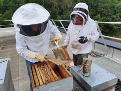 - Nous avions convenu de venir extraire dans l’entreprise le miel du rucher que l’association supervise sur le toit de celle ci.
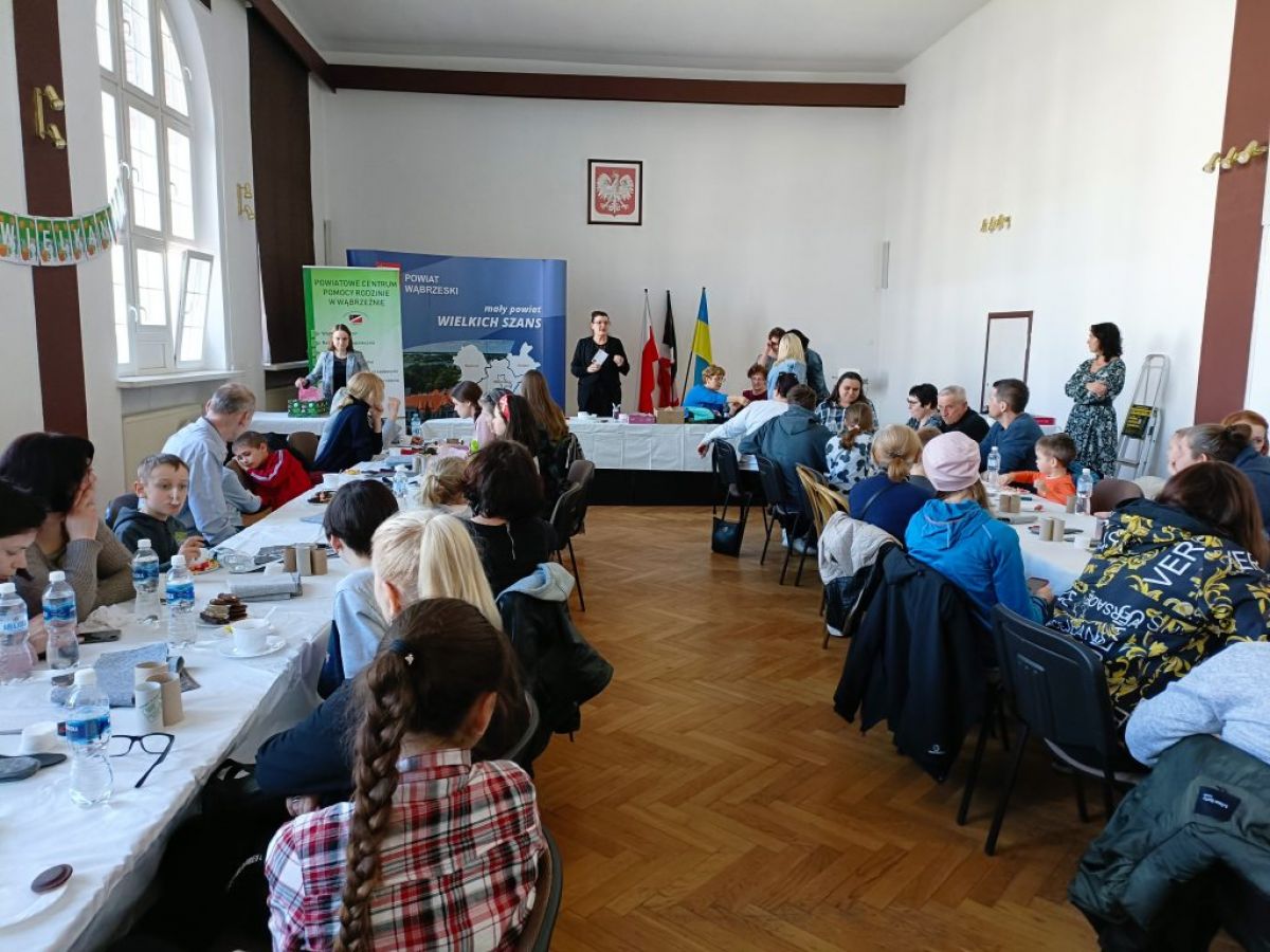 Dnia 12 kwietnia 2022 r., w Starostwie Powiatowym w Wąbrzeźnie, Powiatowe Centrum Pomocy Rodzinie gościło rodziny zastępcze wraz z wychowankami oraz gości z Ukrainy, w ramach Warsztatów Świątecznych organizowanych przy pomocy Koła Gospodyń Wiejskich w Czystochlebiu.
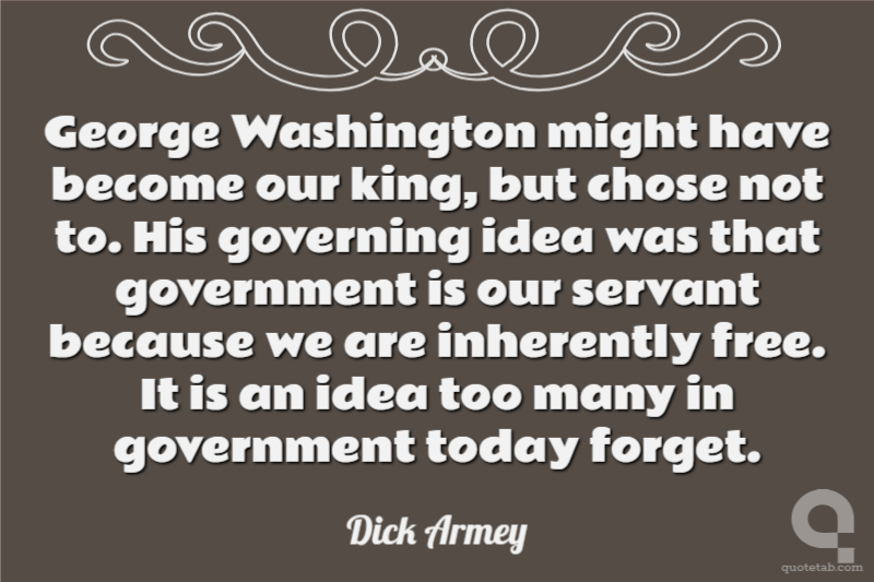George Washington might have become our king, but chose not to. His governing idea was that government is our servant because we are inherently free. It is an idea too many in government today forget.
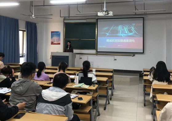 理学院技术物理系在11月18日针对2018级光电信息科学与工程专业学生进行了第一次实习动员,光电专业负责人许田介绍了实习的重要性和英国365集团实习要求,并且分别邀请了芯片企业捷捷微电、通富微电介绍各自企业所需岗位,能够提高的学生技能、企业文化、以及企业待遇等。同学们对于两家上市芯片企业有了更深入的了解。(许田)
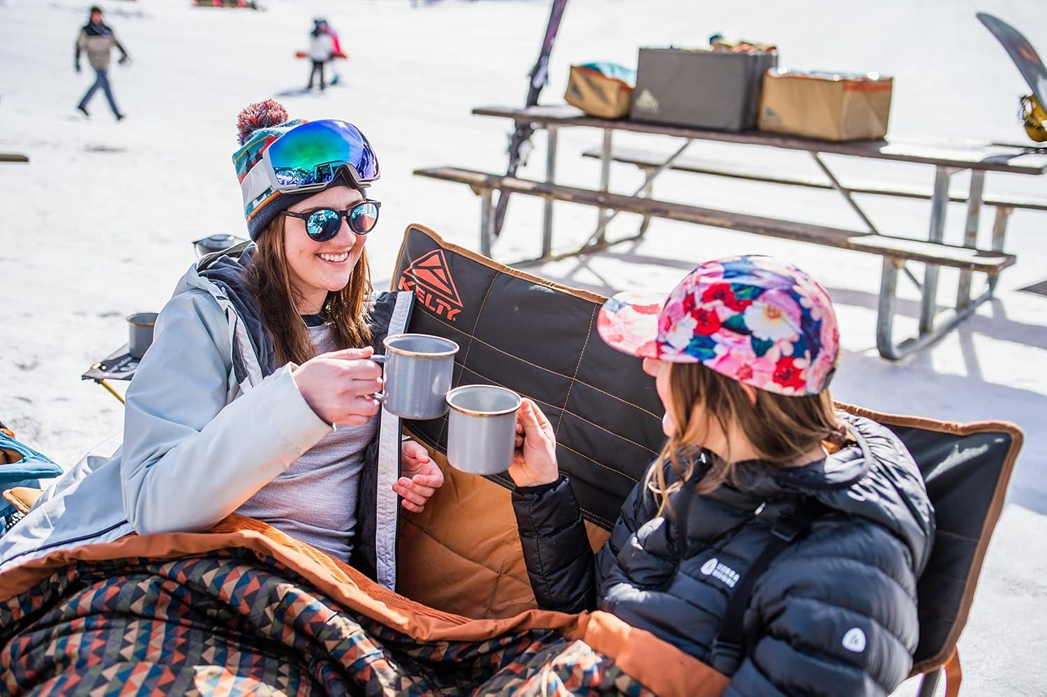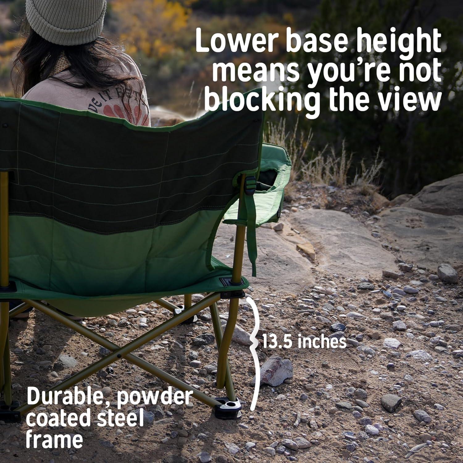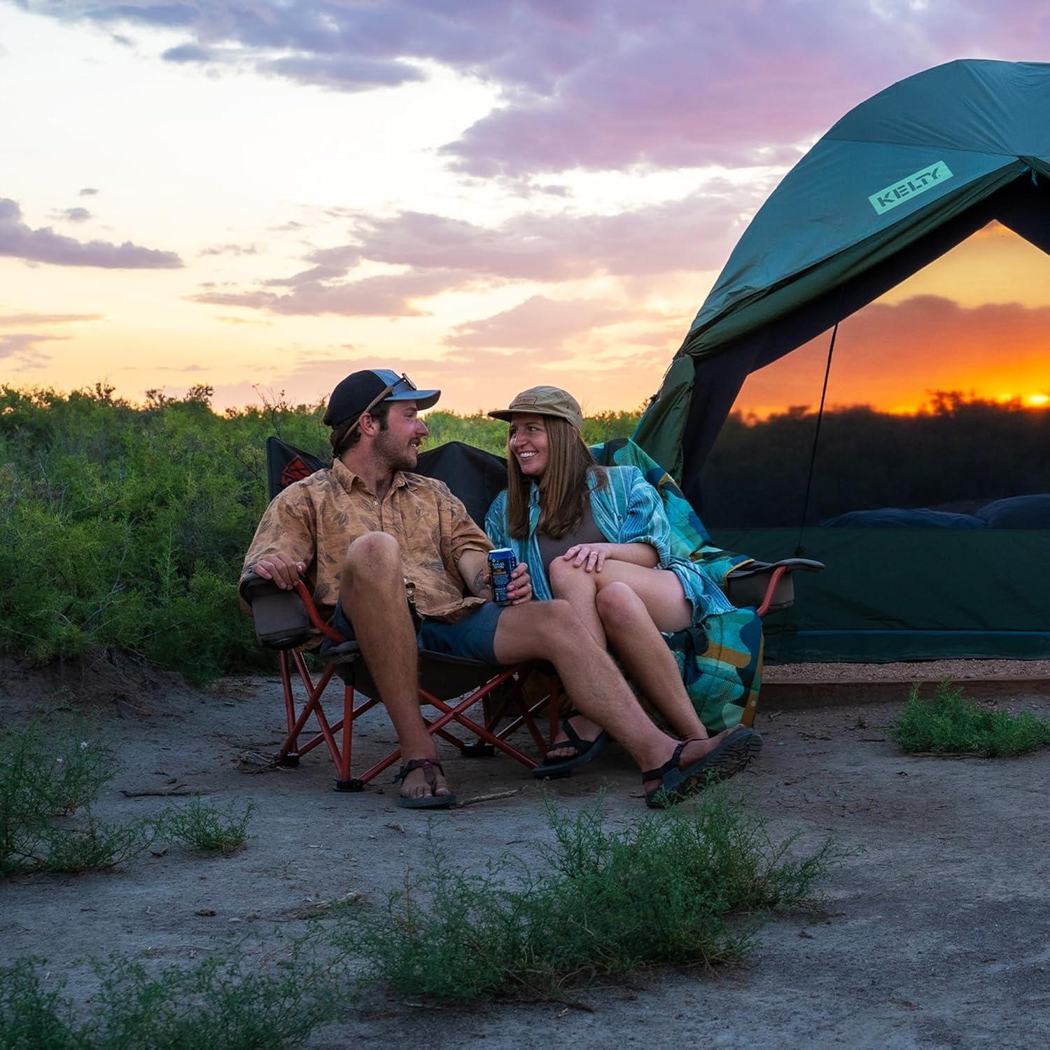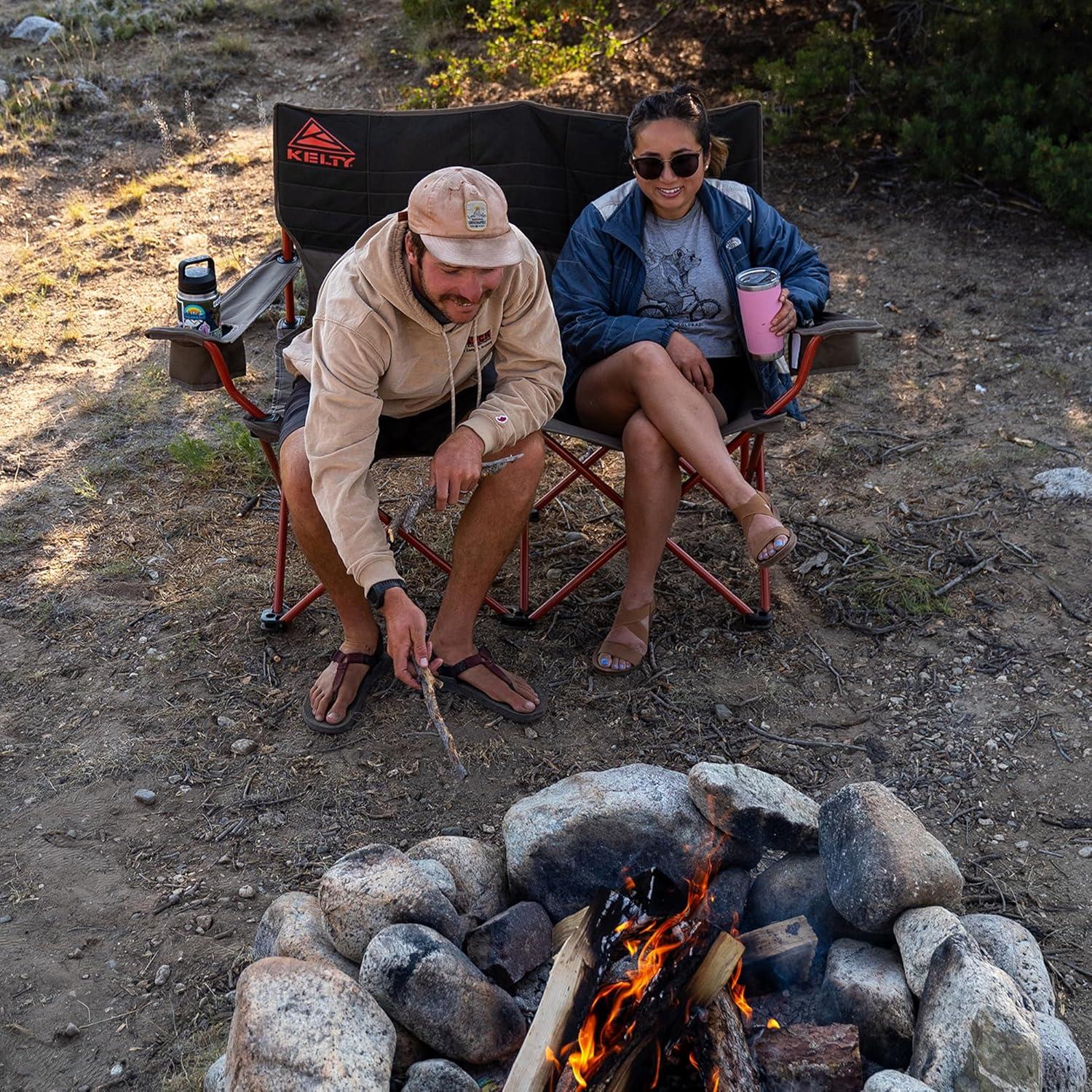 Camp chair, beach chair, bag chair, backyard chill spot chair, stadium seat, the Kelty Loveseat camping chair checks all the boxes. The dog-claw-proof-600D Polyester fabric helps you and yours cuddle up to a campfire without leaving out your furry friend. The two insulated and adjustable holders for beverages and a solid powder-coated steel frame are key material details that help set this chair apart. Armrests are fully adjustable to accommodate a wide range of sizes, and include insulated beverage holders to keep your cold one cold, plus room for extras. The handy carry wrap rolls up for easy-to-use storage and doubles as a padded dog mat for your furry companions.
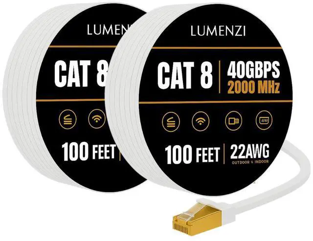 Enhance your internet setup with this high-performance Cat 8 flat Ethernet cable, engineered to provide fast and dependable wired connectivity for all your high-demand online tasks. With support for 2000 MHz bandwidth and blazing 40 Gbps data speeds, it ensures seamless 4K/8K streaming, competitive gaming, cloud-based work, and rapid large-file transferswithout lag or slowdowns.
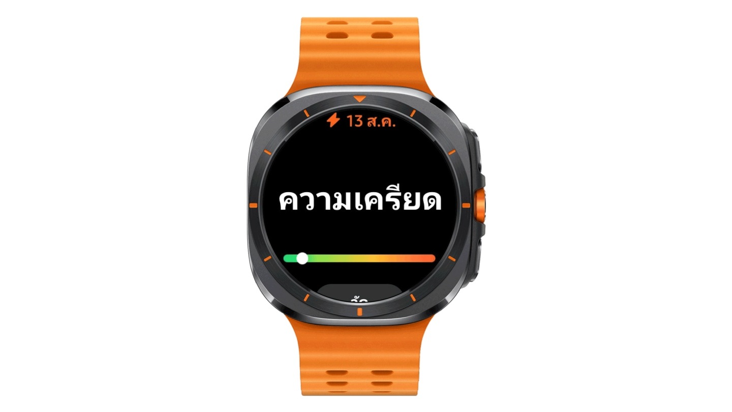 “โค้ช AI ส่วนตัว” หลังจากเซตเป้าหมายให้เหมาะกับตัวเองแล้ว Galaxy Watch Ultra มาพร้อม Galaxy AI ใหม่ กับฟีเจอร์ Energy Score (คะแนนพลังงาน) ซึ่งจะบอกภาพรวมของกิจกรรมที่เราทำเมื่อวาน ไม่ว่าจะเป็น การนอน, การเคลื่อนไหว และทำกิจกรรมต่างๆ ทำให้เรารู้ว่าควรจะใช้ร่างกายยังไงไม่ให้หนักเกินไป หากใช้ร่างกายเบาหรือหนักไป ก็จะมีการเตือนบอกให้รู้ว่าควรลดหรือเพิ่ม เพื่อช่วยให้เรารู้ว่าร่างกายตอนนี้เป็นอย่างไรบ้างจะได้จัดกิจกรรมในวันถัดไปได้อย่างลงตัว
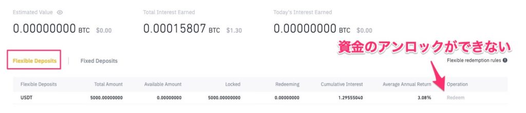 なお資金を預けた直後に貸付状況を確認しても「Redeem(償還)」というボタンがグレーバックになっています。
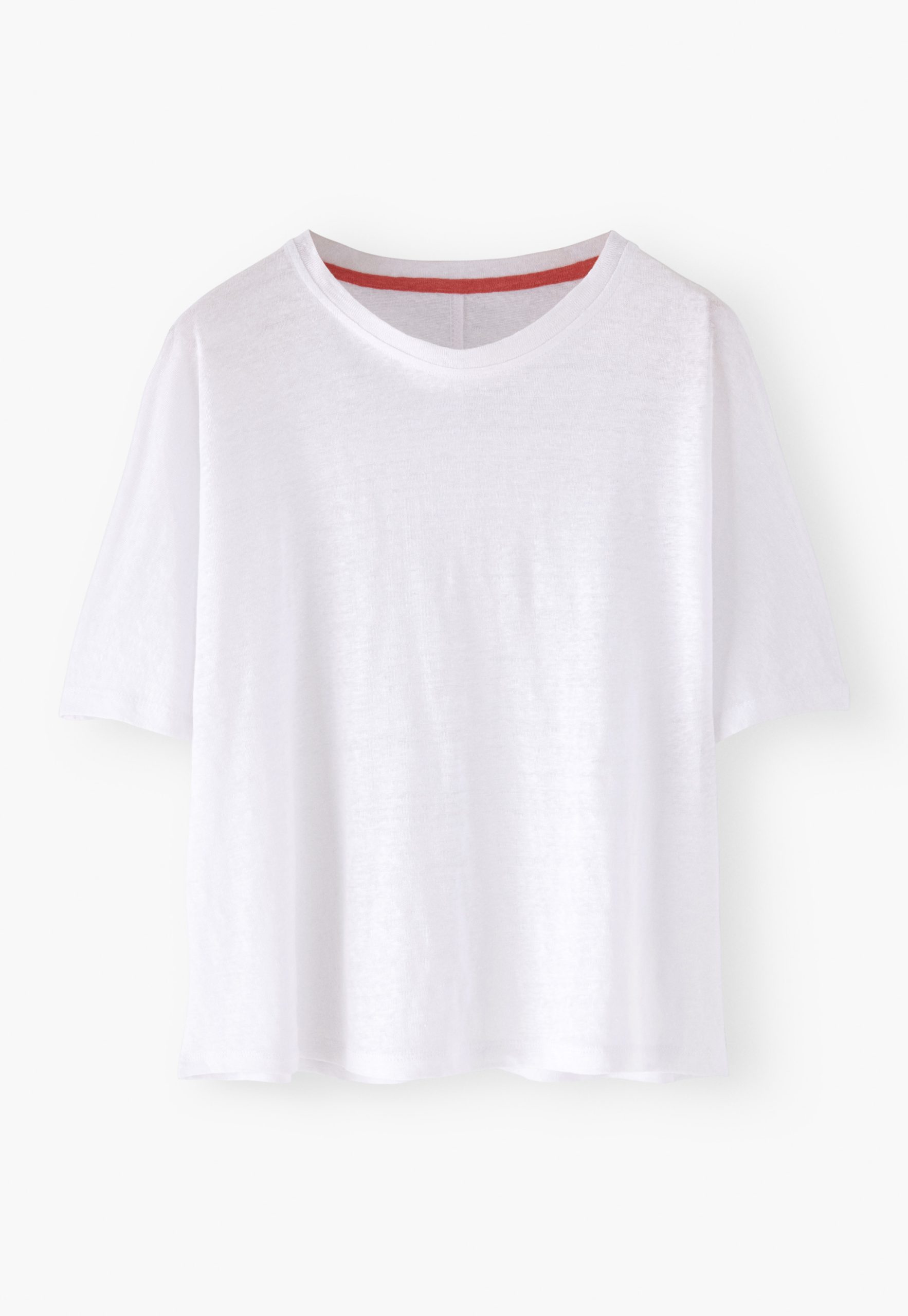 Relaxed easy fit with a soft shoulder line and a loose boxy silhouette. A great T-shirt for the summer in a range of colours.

::::

TASK INSTRUCTIONS:
Starting with the line that holds "หลังจากเซตเป้าหมายให้เหมาะกับตัวเองแล้ว Galaxy Watch", reproduce exactly each line up to and including the last line of the material above, and drop the pictures.

SOLUTION TO THIS PROBLEM:
 “โค้ช AI ส่วนตัว” หลังจากเซตเป้าหมายให้เหมาะกับตัวเองแล้ว Galaxy Watch Ultra มาพร้อม Galaxy AI ใหม่ กับฟีเจอร์ Energy Score (คะแนนพลังงาน) ซึ่งจะบอกภาพรวมของกิจกรรมที่เราทำเมื่อวาน ไม่ว่าจะเป็น การนอน, การเคลื่อนไหว และทำกิจกรรมต่างๆ ทำให้เรารู้ว่าควรจะใช้ร่างกายยังไงไม่ให้หนักเกินไป หากใช้ร่างกายเบาหรือหนักไป ก็จะมีการเตือนบอกให้รู้ว่าควรลดหรือเพิ่ม เพื่อช่วยให้เรารู้ว่าร่างกายตอนนี้เป็นอย่างไรบ้างจะได้จัดกิจกรรมในวันถัดไปได้อย่างลงตัว
 なお資金を預けた直後に貸付状況を確認しても「Redeem(償還)」というボタンがグレーバックになっています。
 Relaxed easy fit with a soft shoulder line and a loose boxy silhouette. A great T-shirt for the summer in a range of colours.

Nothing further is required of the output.